Appel à une réflexion sur les fondements de nos sociétés

   Les théories du Care appellent donc la vigilance en raison de l’instrumentalisation politique et idéologique dont elles peuvent faire l’objet. Il n’y a pourtant pas la moindre cohérence globale parmi tous les différents auteurs du Care, qui oscillent entre lutte des sexes et féminisme de l’indifférenciation, référence constante au domaine médical et volonté d’universalisation, éthique et politique. C’est précisément dans cet amalgame de pensées contradictoires que réside la confusion et le danger.

   Le Care est un courant de pensée complexe et divers, dans lequel il est pourtant possible de puiser de nombreuses pistes de réflexion. Le soin apporté aux plus faibles est un élément clé des théories du Care qui peut être repris et développé en un sens très positif. Elles sont aussi un rappel du rôle que peuvent jouer les femmes et de l’importance des spécificités féminines pour la construction d’une société solide. Certaines théories du Care peuvent enfin fonctionner comme un puissant antidote au mépris du corps, de la maternité, hérité de Simone de Beauvoir, contrepoison efficace aux différentes idéologies qui prétendent re/dé-construire les identités sexuées de chacun sans égard à une corporéité jugée insignifiante.

   Chacun des moments du développement de ce courant de pensée est une invitation à repenser en profondeur les structures de nos sociétés.
1) Penser une sensibilité morale différente entre hommes et femmes peut permettre de repenser nos systèmes éducatifs avec une égalité de traitement entre garçons et filles repensée afin de respecter les spécificités de chaque sexe.
2) Penser l’homme comme un être avant tout relationnel peut permettre de remettre l’attention aux autres et le lien social au centre de nos modèles de société, de notre façon de penser l’homme.
3) Penser une alternative aux modèles de société dans lesquelles nous vivons peut permettre de sortir des impasses de l’idéologie dominante.

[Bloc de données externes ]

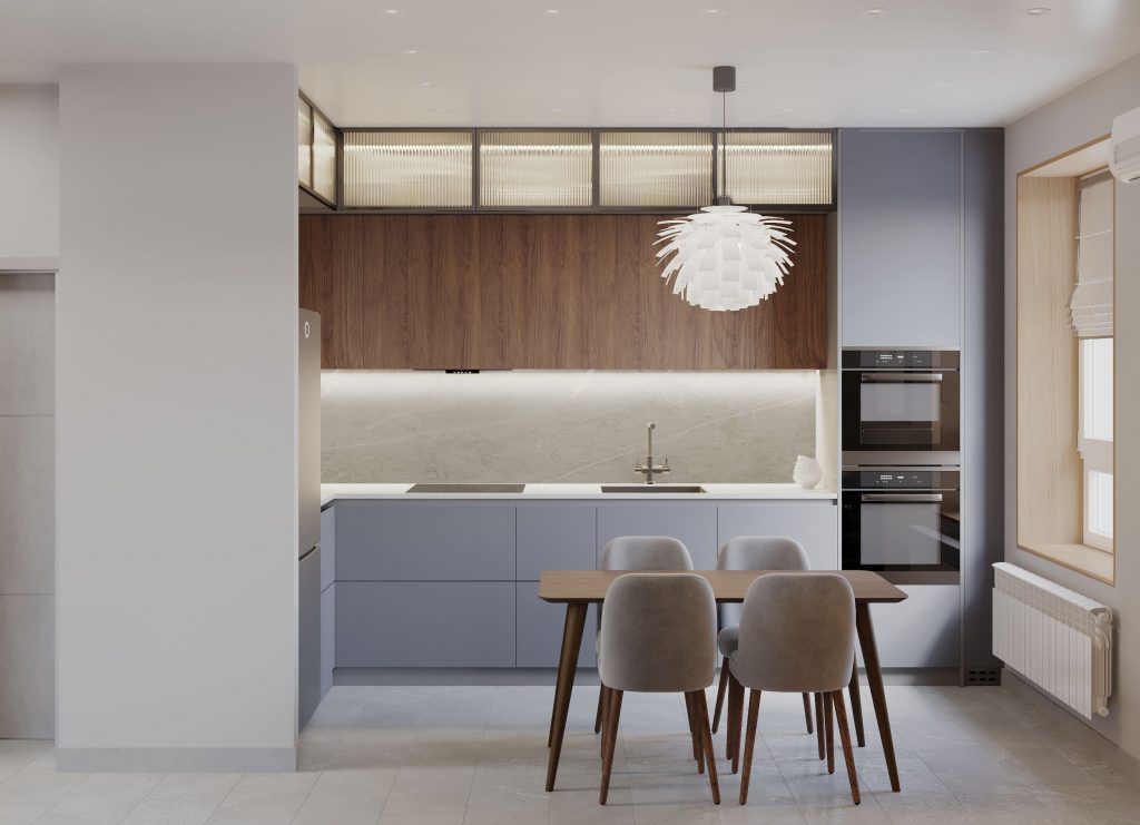 Кухня, в свою очередь включает: кухню-нишу, обеденную зону, зону барной стойки. Кухня-ниша содержит все необходимое - встроенные холодильник, плиту, мойку, духовой шкаф с СВЧ, нижние модули со столешницей для разделки продуктов, верхние шкафы для хранения, дополнительный ряд секций с дверками с рифленым стеклом для праздничной посуды. Обеденная зона представлена вместительным эргономичным столом со скругленными краями с четырьмя комфортными стульями-креслами. Под столешницей барной стойкой справа - пространство для ног (открытая часть), а с левой - винный шкаф и витрина с полками для напитков и хрустальной посуды с стеклянными дверцами. Дополнена барная стойка удобными барными стульями. Также, над барной стойкой размещена ТВ панель, чтобы можно было развлечь себя любимыми программами во время приготовления пищи или обеда/ужина.

   Il ne s’agit donc pas de reprendre telle quelle une théorie dont les points faibles sont évidents, mais de retravailler le Care en profondeur, d’en rectifier les erreurs pour revenir aux prémisses intellectuelles valides qui les fondent – importance fondamentale de l’Autre dans la construction de soi, primauté du lien social, et reconnaissance des spécificités de chaque sexe –, pour ensuite, à partir de bases saines, pouvoir proposer un projet de société constructif.

 

Site des Antigones :ici

[1] Dans « Un monde vulnérable » elle définit le Care comme « une activité caractéristique de l’espèce humaine qui inclut tout ce que nous faisons en vue de maintenir, de continuer ou de réparer notre « monde » de telle sorte que nous puissions y vivre aussi bien que possible. […] Nous cherchons à tisser ensemble dans un maillage complexe qui soutient la vie ».
[2] « La transcription politique de l’éthique du Care« , propos recueillis par Pierre Boisson pour le Parti Socialiste.